- First volume cover, featuring Shichimi (right) and Natane

虹色とうがらし
- Genre: Adventure; Comedy; Historical sci-fi;
- Written by: Mitsuru Adachi
- Published by: Shogakukan
- Imprint: Shōnen Sunday Comics
- Magazine: Weekly Shōnen Sunday
- Original run: January 11, 1990 – April 29, 1992
- Volumes: 11
- Anime and manga portal

= Niji-iro Tōgarashi =

Japanese manga series

Niji-iro Tōgarashi (虹色とうがらし) is a Japanese manga series written and illustrated by Mitsuru Adachi. It was serialized in Shogakukan's shōnen manga magazine Weekly Shōnen Sunday from January 1990 to April 1992, with its chapters collected in 11 tankōbon volumes. The story is set in a place very similar in appearance to Earth in the Edo period; however, Adachi regularly reminds the reader all throughout the series that the setting is another planet in the distant future which just happens to look like Earth.

After the death of his mother, Shichimi sets out to join his half-brothers and -sister who live together in Karakuri Tenement, a place provided by the father they have never met. He finds out that each of them had different mothers (all of whom have died), but were fathered by the same man. Not long after Shichimi's arrival, the siblings decide to journey to visit the graves of each of their mothers. On this journey, they encounter many dangers.
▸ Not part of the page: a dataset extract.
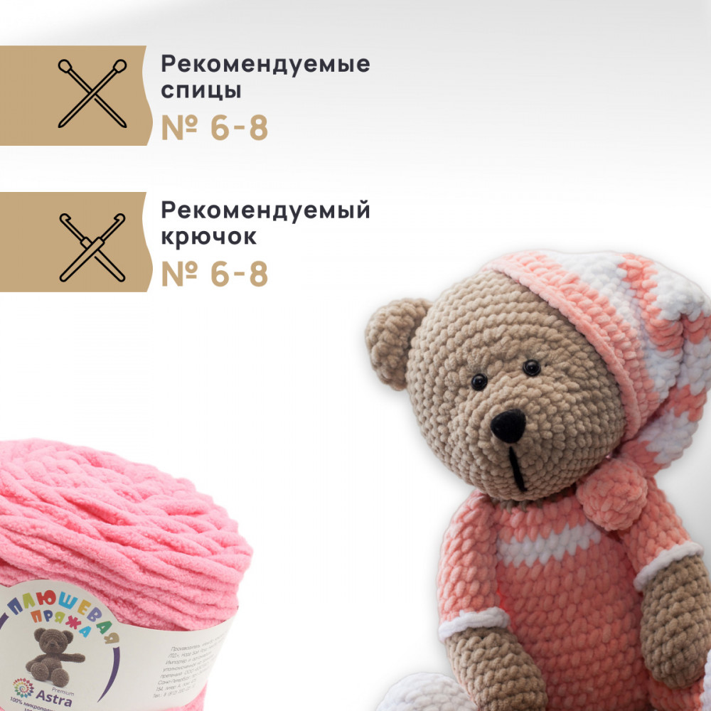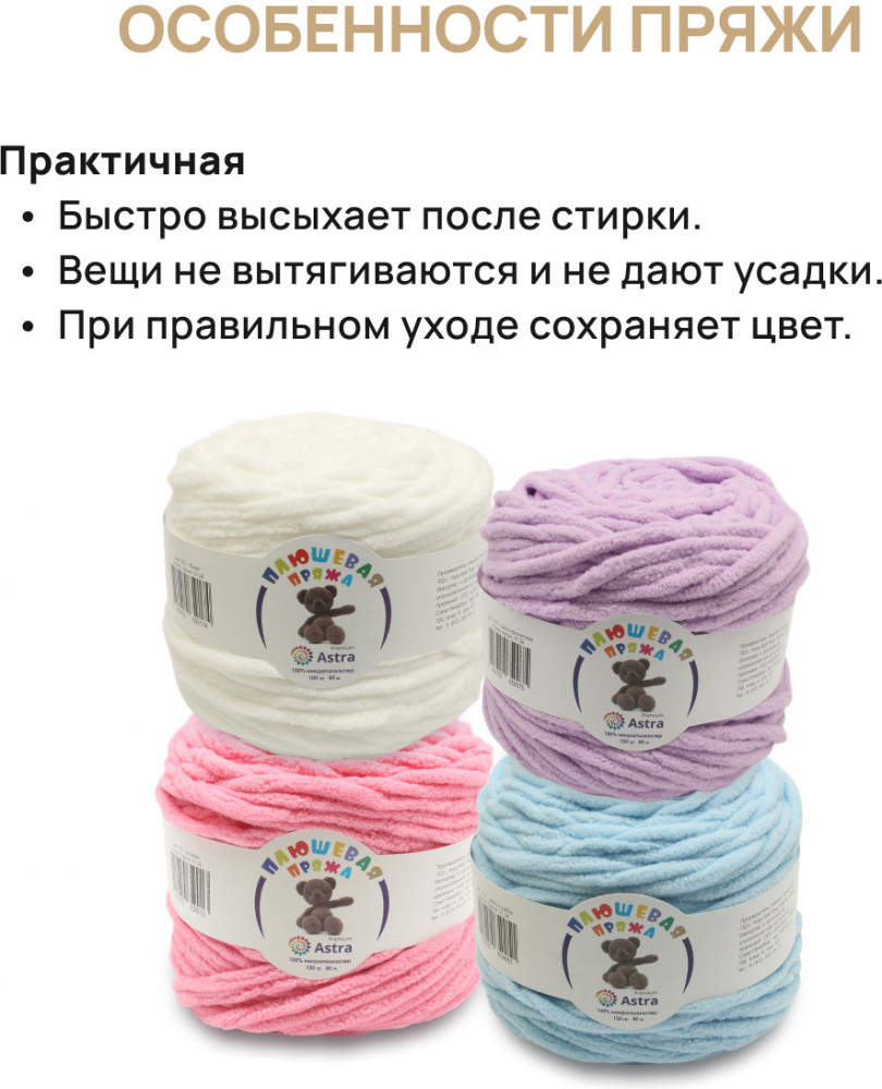 Пряжа Плюшевая от Astra Premium — это пряжа нежной текстуры с тончайшим пушистым ворсом, который придает изделиям объем, мягкость и ощущение комфорта. Нить плюшевой пряжи изготавливается из 100% микрополиэстера — материала, который не раздражает кожу и обладает рядом преимуществ. Микрополиэстер известен своей прочностью, устойчивостью к деформации и выцветанию. Благодаря этому изделия из Плюшевой пряжи сохраняют свою форму и яркость цвета на протяжении длительного времени, даже после многочисленных стирок. Из нее можно связать теплый и уютный свитер свободного кроя, который подарит комфорт в холодную погоду. Также она отлично подойдет для создания мягких игрушек. И, конечно же, Плюшевая пряжа — идеальный выбор для вязания пледов, которые создадут в вашем доме атмосферу тепла и уюта.

The names are puns on Japanese spices, each one being an ingredient in shichimi tōgarashi, also known since the Edo period as nana-iro tōgarashi, a seasoning made of seven ingredients including chili powder.

==Characters==
===Seven siblings===
- Shichimi (七味)
The fourth oldest of the sibling at 15 years old. In his hometown, he was a fireman. He is an expert at using a fireman's pike, and he uses a telescoping one – created by Chinpi – as a weapon. He is the only one of the siblings who openly dislikes their mysterious father. Unexpectedly strong, he is the second strongest fighter (or may be the first), behind Asajirō, in their family. Shichimi cannot swim, and fears open water, ships and islands.
- Goma (胡麻)
Goma is the oldest of the siblings at 22 years old. He is a rakugo comedian; his stage name is Hirateigoma. He gets along very well with the third brother Keshi, sharing many habits including feasting, drinking, shogi and go. Goma means sesame in Japanese.
- Asajirō (麻次郎)
Asajirō is the second oldest, 20 years old, and a wandering artist. He frequently takes long trips for inspiration, occasionally briefly stopping by the tenement between trips. He holds the record for being the youngest to achieve the rank of master in the Haniwa-style sword technique. He has the ability of foresight and usually subconsciously depicted his visions in drawings; at the end of the manga, he subconsciously drew Shichimi and Natane in their future wedding. The first character of Asajiro's name means hemp.
- Keshi (芥子, Keshi)
The third oldest, 18 years old, and raised as a monk in a Buddhist temple. He is an extremely strong martial artist, though he is weak when it comes to alcohol and dealing with women. It seems he was a bully when he was a kid, seen from the attitude of villagers (and his friend) after they hear his name. Keshi means poppy seed.
- Natane (菜種)
The only girl among the siblings, Natane is 13 years old. She has learned her swordcraft and painting from Asajirō, and has become very skilled. She is constantly bickering with Shichimi. Natane means rapeseed. Later in the series, she learned that she was actually an adopted daughter of the shogun, unlike the other siblings. She frequently had dreams about a brother she had who abandoned her when they were children. That brother was ultimately revealed as Furon. In the last chapter, Asajirō foresaw her marriage with her adoptive brother Shichimi.
- Chinpi (陳皮)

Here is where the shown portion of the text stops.